● **Entries provided**:
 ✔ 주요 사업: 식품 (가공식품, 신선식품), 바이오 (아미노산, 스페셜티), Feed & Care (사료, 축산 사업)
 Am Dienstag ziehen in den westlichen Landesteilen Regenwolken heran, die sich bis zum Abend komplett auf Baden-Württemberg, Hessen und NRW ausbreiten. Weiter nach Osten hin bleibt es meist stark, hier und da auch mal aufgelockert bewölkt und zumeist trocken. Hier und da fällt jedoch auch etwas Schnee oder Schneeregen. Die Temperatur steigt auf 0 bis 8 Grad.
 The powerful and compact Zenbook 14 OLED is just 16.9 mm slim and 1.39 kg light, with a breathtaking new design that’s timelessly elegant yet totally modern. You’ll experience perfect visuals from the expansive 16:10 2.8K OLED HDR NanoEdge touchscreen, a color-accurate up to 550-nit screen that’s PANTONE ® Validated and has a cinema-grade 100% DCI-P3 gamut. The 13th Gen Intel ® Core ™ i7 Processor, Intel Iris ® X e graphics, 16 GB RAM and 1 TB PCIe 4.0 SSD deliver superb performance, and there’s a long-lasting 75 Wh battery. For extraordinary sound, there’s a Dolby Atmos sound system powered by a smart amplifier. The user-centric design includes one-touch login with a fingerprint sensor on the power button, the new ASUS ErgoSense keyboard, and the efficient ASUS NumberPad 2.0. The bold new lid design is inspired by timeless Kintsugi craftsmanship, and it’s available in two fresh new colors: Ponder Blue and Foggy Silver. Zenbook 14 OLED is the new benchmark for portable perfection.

...

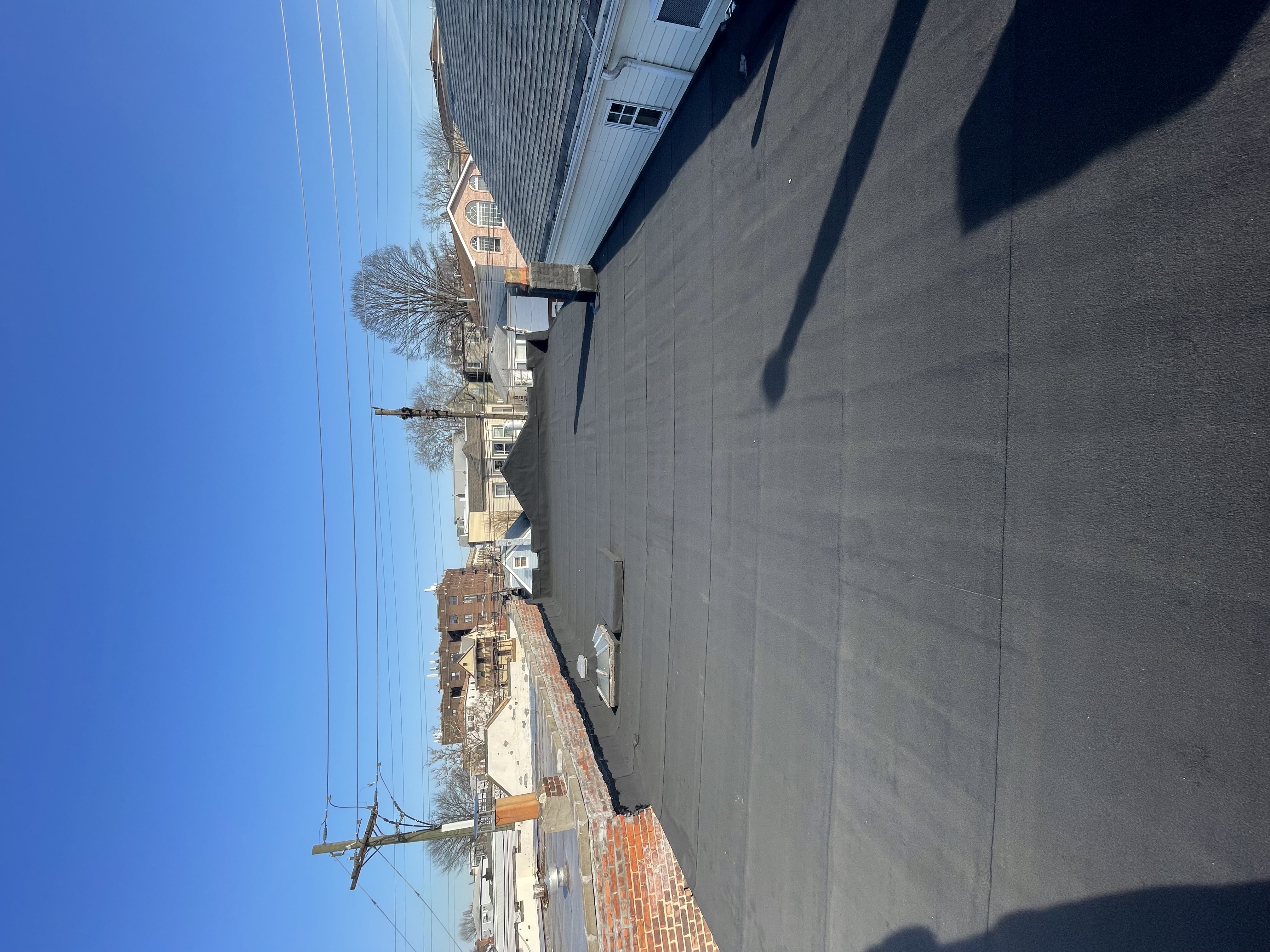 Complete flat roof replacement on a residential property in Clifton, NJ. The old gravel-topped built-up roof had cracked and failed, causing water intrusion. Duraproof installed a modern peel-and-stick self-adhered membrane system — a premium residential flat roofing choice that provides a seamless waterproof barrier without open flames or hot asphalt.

● **Work task**: Nothing should appear in the answer except the lines above from the line with "Am Dienstag ziehen" through the line with "The powerful and", both included, written out exactly.

● **Solution**:
 Am Dienstag ziehen in den westlichen Landesteilen Regenwolken heran, die sich bis zum Abend komplett auf Baden-Württemberg, Hessen und NRW ausbreiten. Weiter nach Osten hin bleibt es meist stark, hier und da auch mal aufgelockert bewölkt und zumeist trocken. Hier und da fällt jedoch auch etwas Schnee oder Schneeregen. Die Temperatur steigt auf 0 bis 8 Grad.
 The powerful and compact Zenbook 14 OLED is just 16.9 mm slim and 1.39 kg light, with a breathtaking new design that’s timelessly elegant yet totally modern. You’ll experience perfect visuals from the expansive 16:10 2.8K OLED HDR NanoEdge touchscreen, a color-accurate up to 550-nit screen that’s PANTONE ® Validated and has a cinema-grade 100% DCI-P3 gamut. The 13th Gen Intel ® Core ™ i7 Processor, Intel Iris ® X e graphics, 16 GB RAM and 1 TB PCIe 4.0 SSD deliver superb performance, and there’s a long-lasting 75 Wh battery. For extraordinary sound, there’s a Dolby Atmos sound system powered by a smart amplifier. The user-centric design includes one-touch login with a fingerprint sensor on the power button, the new ASUS ErgoSense keyboard, and the efficient ASUS NumberPad 2.0. The bold new lid design is inspired by timeless Kintsugi craftsmanship, and it’s available in two fresh new colors: Ponder Blue and Foggy Silver. Zenbook 14 OLED is the new benchmark for portable perfection.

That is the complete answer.